Executives in Africa have been privileged to be part of some exciting technology start-up stories including providing the key operational leader in Africa for Andela, the Lagos-based company that provides technical leadership advancement and training for software developers. This innovative company has recently announced it is closing a $24 million Series B round with the Chan Zuckerberg Initiative (CZI). Mark Zuckerberg and Priscilla Chan are certainly betting on Africa as the next hotbed of technological talent.
Financial services have also been developing, often based on innovative business models that make full use of the increased penetration of communication technology including mobile financial transactions and/or mobile banking. Our team are actively working with PE and VC firms who believe there is huge growth potential in diversified consumer financial services products and are focusing investments in these areas. The key to success of these investments and delivering growth is critically focused on finding the right leaders who can apply knowledge gained from developed markets and adapt this to suit the unique consumer landscape and operating environment in Africa.
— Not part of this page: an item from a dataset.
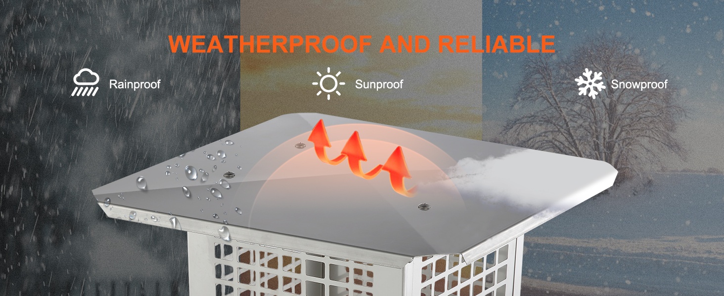 Säänkestävä savupiipun hattu ulkokäyttöön

The retail sector also shows promising potential. Africa has a fast-growing middle class across the continent, which accounts for much of economic growth through its spending, and African consumer spending is predicted to almost double in the next decade. FMCG remained a strong sector with a number of multinational brands choosing EiA to support key leadership hiring to drive their expansion in Africa, in spite of significant currency devaluations, most notably in Nigeria.
Large supermarket chains are expanding into new markets across Africa, and local investors are also backing the potential in the retail sector with home-grown newly created retail brands. One successful hire was a new CEO, sourced from Tesco in Eastern Europe, for a new West African grocery brand with the first store recently opened in Lagos.
The other sector representing a significant proportion of our successful hires last year was Agribusiness. Most of SSA’s population works in agriculture with around 60% of its jobs being related to agriculture. The growth of the agricultural sector is vital, because, according to the World Bank, ‘in Sub-Saharan Africa, growth in agriculture and services is more effective at reducing poverty than growth in industry’.
We are already seeing how farmers are using mobile technology to gain access to vital information about weather and about prices of crops before they travel long distances to markets. Further innovation will impact expansion of agro-processing and the modernisation of agricultural production with wide ranging applications such as the use of crop monitoring with drones.
According to IMF and World Bank forecasts, SSA will remain one of the fastest growing regions in the world, even if it suffers negative impacts from dropping commodity prices and less favourable global financial conditions. With wide-ranging, practical experience gained from diverse industry sectors, the Executives in Africa team will continue to apply our unique project-managed Search Process, and two stage Evidential Assessment, to advise and deliver bespoke Executive Search solutions to meet each of client’s individual needs, whatever the sector.